I Introduction
In many assembly operations, fixtures and jigs are designed to fit the shapes of a particular part. Such tools used to fix or support assembly parts are frequently used to firmly determine or control part orientations such as in insertion operations. However, the design and production of these tools require a large amount of time and high cost. To achieve high-mix low-volume production in a short time at a low cost, we require a versatile assembly jig to replace the current custom-made jigs designed according to each product.
Kiyokawa et al. [6] was the first attempt to use soft materials for a jig. They proposed a soft-jig made of a silicone membrane filled with only beads. This jig worked according to a jamming transition to fix parts, such as a jamming gripper [2], by vacuuming the air inside the jig.
If we use part-customized rigid jigs, the object orientation on the jig can be precisely determined because of the high rigidity of the surrounding planes that firmly constrain the object’s surfaces. In contrast, if we use a soft-jig with a high degree of freedom in terms of the surface changes, the uncertainty of the jig-fixed object orientation is a crucial issue.

(a) Soft-jig with a thin flexible membrane filled with transparent beads and oil. (b) Principal normal vector of the target object (cube) estimated by the proposed soft-jig system (red arrow) and the normal vector measured using a motion capture system (green arrow).
To reduce the uncertainty, the orientation of an object can be estimated using its image captured through an external camera. Several state-of-the-art methods for 3D position and orientation estimation have achieved high accuracy [3]. However, when the object is occluded by the gripper and jig, the orientation estimation deteriorates significantly. Therefore, it is difficult for a robot to manipulate an object with high accuracy using only an external camera.
We attempted to reduce the uncertainty of the object orientation by using a sensing, flexible jig that acquires tactile information from the parts in contact with the jig. Because tactile information is independent of the color and material of the object, it can be treated as highly reliable information.
Therefore, to estimate the orientation of a part while fixing the part, we used transparent beads and oil with a refractive index close to that of the beads. In this study, to recognize the markers on the inner surface of the jig, we replaced the air used for jamming grippers with transparent oil based on previous studies [14] [13]. If the refractive indices of all the materials filled inside the jig are the same, when light travels straight through, the surface of the membrane can be captured optically by the camera. To convert the captured image into tactile information that can be used by a robot, markers are painted on the inner surface of the membrane, and two cameras are installed inside the jig.

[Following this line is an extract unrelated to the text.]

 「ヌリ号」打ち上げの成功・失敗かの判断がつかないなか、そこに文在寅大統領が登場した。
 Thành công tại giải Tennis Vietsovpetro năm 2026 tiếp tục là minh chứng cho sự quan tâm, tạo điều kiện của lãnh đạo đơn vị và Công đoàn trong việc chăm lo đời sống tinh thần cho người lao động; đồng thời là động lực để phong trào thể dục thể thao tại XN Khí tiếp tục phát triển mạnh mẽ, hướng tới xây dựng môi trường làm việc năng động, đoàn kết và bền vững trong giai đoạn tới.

As part orientation needs to be estimated, we proposed to calculate a principal normal vector that shows the bottom surface normal of the target object. In our estimation method, we detect the markers on the membrane, estimate marker positions, calculate an approximate plane for the markers, and determine the plane normal as the principal normal vector, as shown in Fig. 1. The principal normal vector reduces the uncertainty of the orientation of the object on the jig and allows us to perform more precise assembly operations by re-grasping or changing the assembled object’s orientation with the target orientation.

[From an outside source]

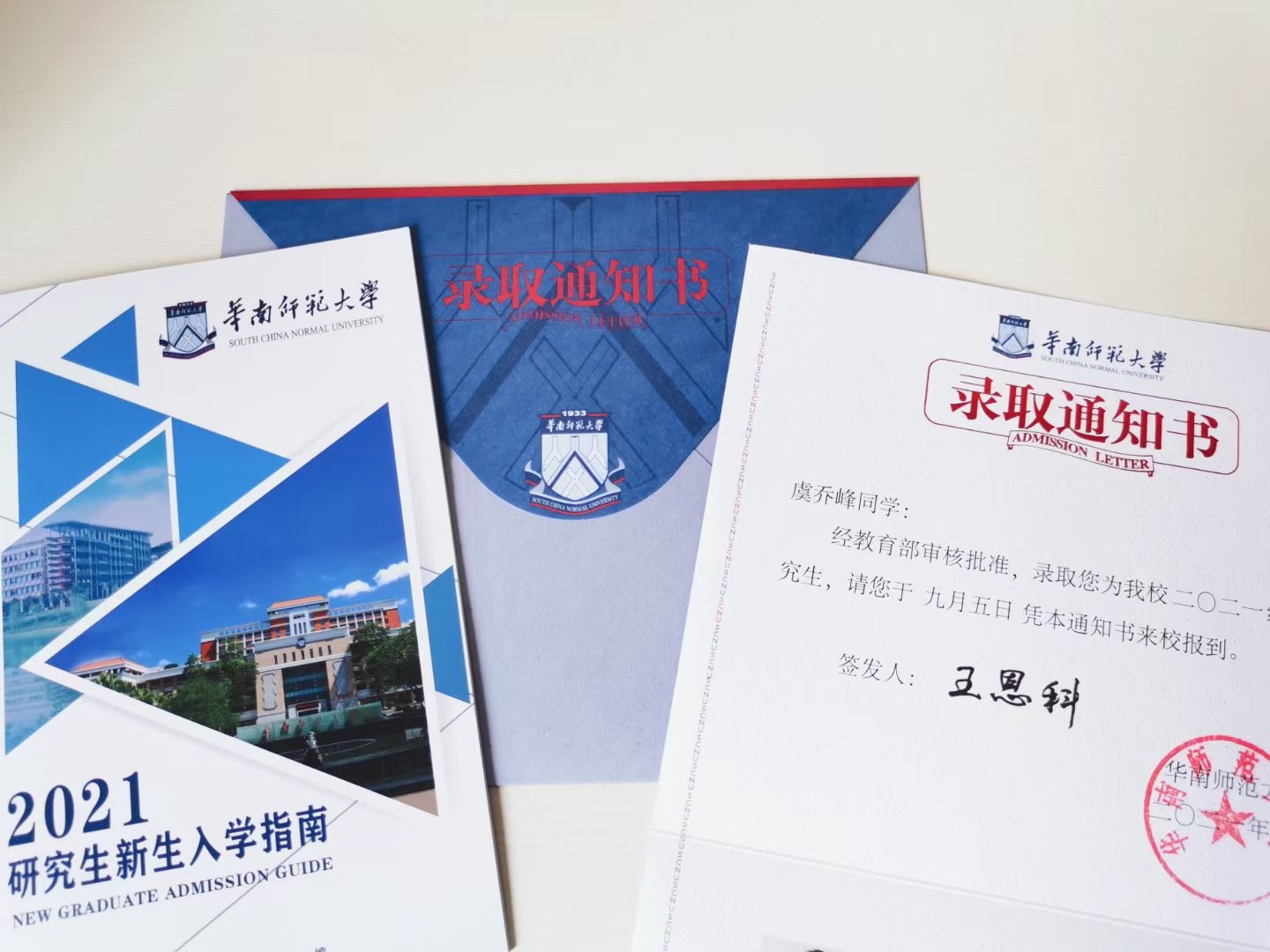 最终,考研笔试成绩揭晓,虞乔峰进入复试。经过创业、部队的锻炼,虞乔峰相比于一般的同学有更丰富的人生经历,面试过程更能够结合理论和思考,从生活和实践的角度回答问题,得到考官的好评。最终,考研成绩揭榜,虞乔峰入围顺利成为一名华南师范大学法学院硕士。

To evaluate the sensing ability of the proposed soft-jig, we conducted experiments on the principal normal vector estimation using three target objects in different orientations.

Ii Related work
Flexible fixtures have been developed using a wide range of strategies. Reconfigurable fixtures [10] [12] fix parts by rearranging or replacing the components. The ability to change in a fixed configuration provides flexibility. Pin array fixtures [11] [15] use a shape-memorable mechanism to fix parts by constraining multiple points of the part with pins. The high degree of freedom in fixing using pins leads to flexibility. Because these fixtures can fix different types of objects, they are suitable for high-mix low-volume production in terms of part-fixing; however, they do not aid in the uncertainty of the fixed object’s orientation. In addition, the proposed innovative fixture not only fixes parts using the jamming transition but can also perform sensing to acquire the principal normal vector simultaneously.

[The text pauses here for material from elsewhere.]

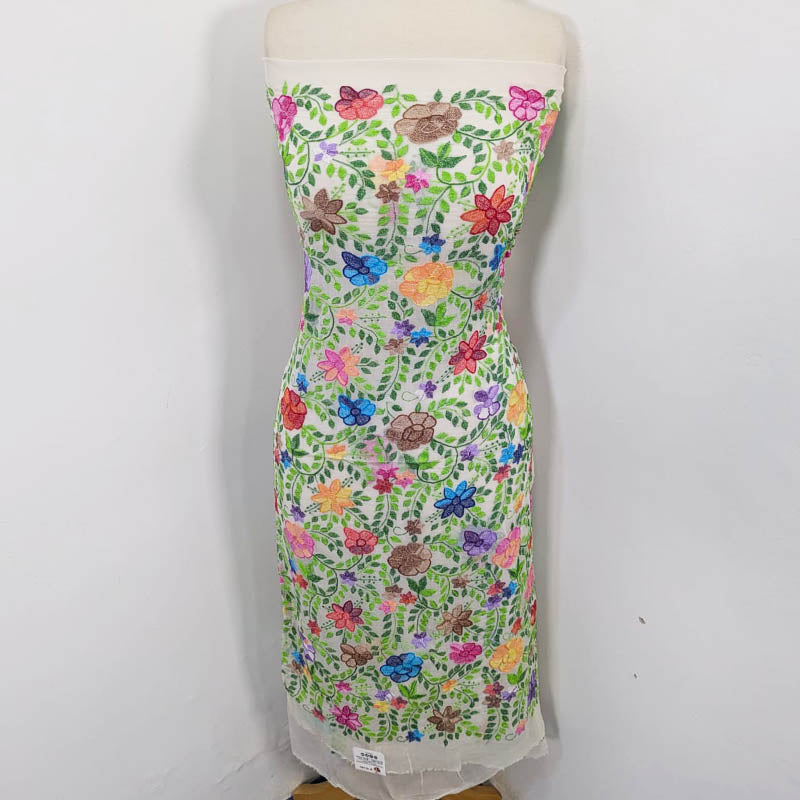 Handmade Pure China Crinkle with Multi Colour Kacha Pakka Tanka Full Jaal Work (Dyeable)

For sensors that use flexible materials to acquire the object shape on the soft jig, camera-based methods are attracting attention because of their high spatial resolution. GelSight is a sensor that acquires normal map using multiple light sources of different colors and photometric stereo [16]. SoftBubble [1], [7] relies on a depth camera to capture the shape of a balloon inflated with air and acquire the shape of the contact area. Lin et al. [9] proposed a sensor that estimates the curvature of a flexible material using the subtractive color mixing principle. In our previous work, we used a pinhole camera model to estimate the depth of a monocular camera using known-sized markers [14, 13].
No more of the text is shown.